EXERCISE BRIEF: Transcribe exactly, and only, the lines running from the one with "The media room" to the end of the entries below, both included, without any pictures.

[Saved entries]
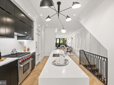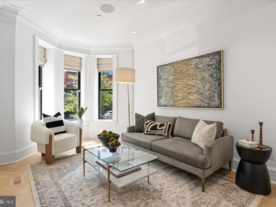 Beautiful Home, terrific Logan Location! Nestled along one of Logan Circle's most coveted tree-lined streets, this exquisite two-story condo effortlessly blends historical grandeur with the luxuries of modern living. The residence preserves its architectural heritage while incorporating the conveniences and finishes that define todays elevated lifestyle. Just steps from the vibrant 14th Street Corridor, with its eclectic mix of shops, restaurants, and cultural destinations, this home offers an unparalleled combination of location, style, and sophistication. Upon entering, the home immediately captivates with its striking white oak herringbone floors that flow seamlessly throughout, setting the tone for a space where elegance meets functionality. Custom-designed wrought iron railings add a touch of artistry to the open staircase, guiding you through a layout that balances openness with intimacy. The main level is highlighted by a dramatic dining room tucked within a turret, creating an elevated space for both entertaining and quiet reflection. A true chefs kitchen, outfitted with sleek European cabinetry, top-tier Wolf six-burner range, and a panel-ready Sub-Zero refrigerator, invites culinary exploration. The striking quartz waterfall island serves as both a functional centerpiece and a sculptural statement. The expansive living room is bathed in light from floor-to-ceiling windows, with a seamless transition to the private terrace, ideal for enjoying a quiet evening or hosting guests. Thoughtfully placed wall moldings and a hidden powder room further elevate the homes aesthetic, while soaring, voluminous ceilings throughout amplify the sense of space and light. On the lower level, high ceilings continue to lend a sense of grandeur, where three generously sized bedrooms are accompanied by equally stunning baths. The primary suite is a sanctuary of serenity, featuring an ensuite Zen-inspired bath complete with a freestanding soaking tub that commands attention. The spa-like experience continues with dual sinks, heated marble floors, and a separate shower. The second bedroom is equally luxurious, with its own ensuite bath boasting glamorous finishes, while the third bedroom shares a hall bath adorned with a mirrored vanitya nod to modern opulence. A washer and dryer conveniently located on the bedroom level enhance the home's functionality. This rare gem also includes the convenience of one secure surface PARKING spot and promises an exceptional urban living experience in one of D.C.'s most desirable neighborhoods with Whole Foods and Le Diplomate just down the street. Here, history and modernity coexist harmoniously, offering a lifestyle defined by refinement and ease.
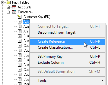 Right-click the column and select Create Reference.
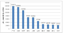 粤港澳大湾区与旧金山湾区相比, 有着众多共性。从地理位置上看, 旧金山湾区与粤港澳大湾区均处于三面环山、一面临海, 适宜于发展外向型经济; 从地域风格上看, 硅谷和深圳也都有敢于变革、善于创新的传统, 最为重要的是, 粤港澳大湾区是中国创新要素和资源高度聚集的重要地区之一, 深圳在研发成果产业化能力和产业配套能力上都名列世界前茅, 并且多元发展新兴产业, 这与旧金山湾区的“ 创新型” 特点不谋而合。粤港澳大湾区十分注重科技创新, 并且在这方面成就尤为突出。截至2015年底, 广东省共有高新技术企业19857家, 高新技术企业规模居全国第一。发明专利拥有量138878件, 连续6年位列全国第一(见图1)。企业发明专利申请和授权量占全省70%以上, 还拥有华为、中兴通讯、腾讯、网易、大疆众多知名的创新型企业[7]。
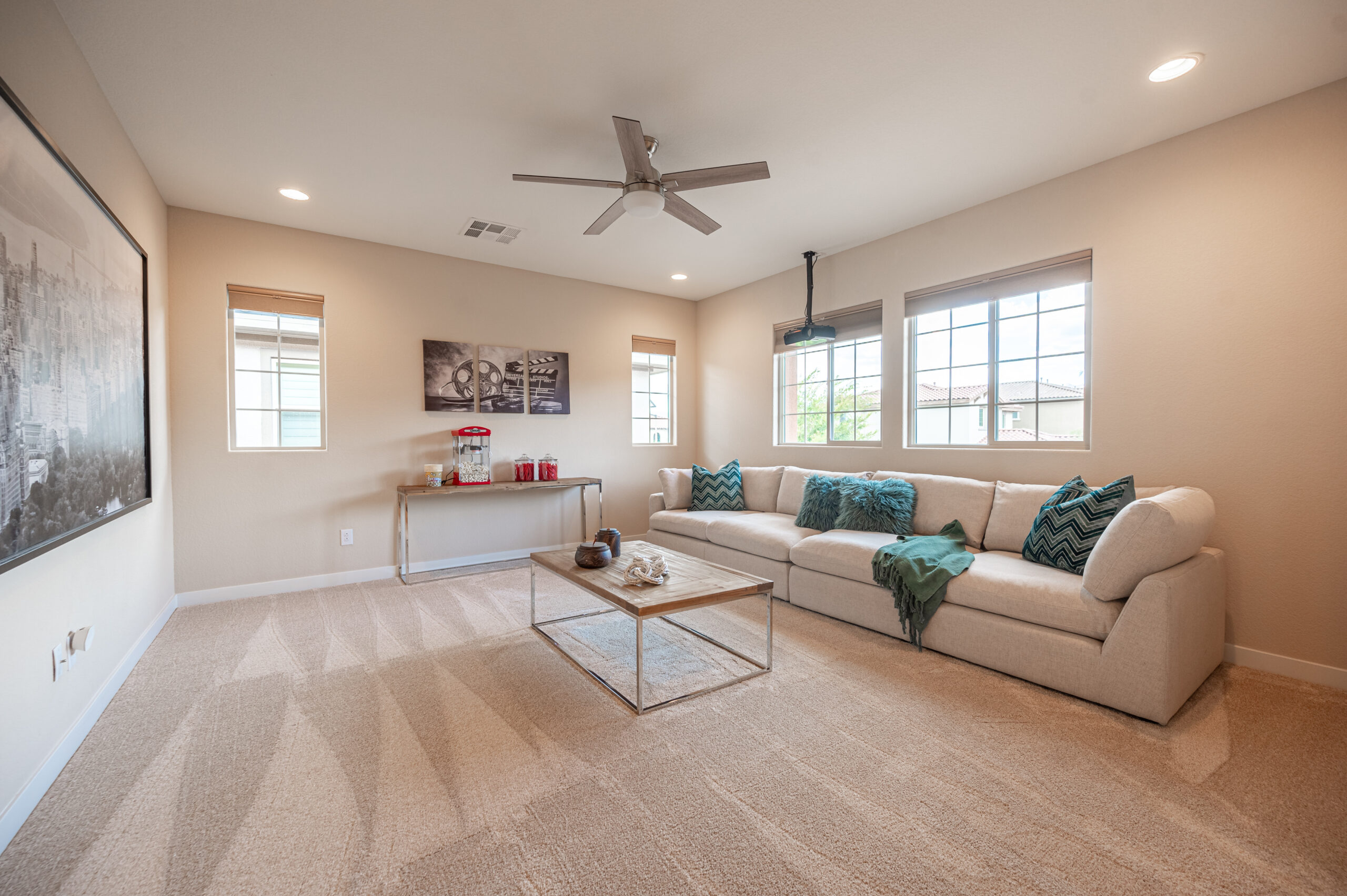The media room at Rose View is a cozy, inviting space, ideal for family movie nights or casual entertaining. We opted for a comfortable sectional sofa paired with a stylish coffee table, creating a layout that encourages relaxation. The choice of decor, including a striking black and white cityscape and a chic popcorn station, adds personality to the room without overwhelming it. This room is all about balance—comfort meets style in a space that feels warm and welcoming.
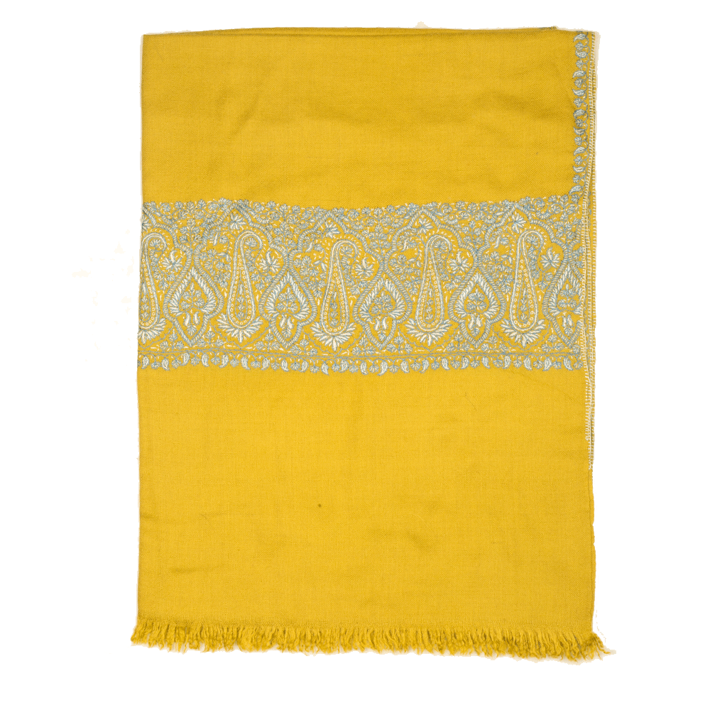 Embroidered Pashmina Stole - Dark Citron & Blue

TASK ANSWER:
The media room at Rose View is a cozy, inviting space, ideal for family movie nights or casual entertaining. We opted for a comfortable sectional sofa paired with a stylish coffee table, creating a layout that encourages relaxation. The choice of decor, including a striking black and white cityscape and a chic popcorn station, adds personality to the room without overwhelming it. This room is all about balance—comfort meets style in a space that feels warm and welcoming.
 Embroidered Pashmina Stole - Dark Citron & Blue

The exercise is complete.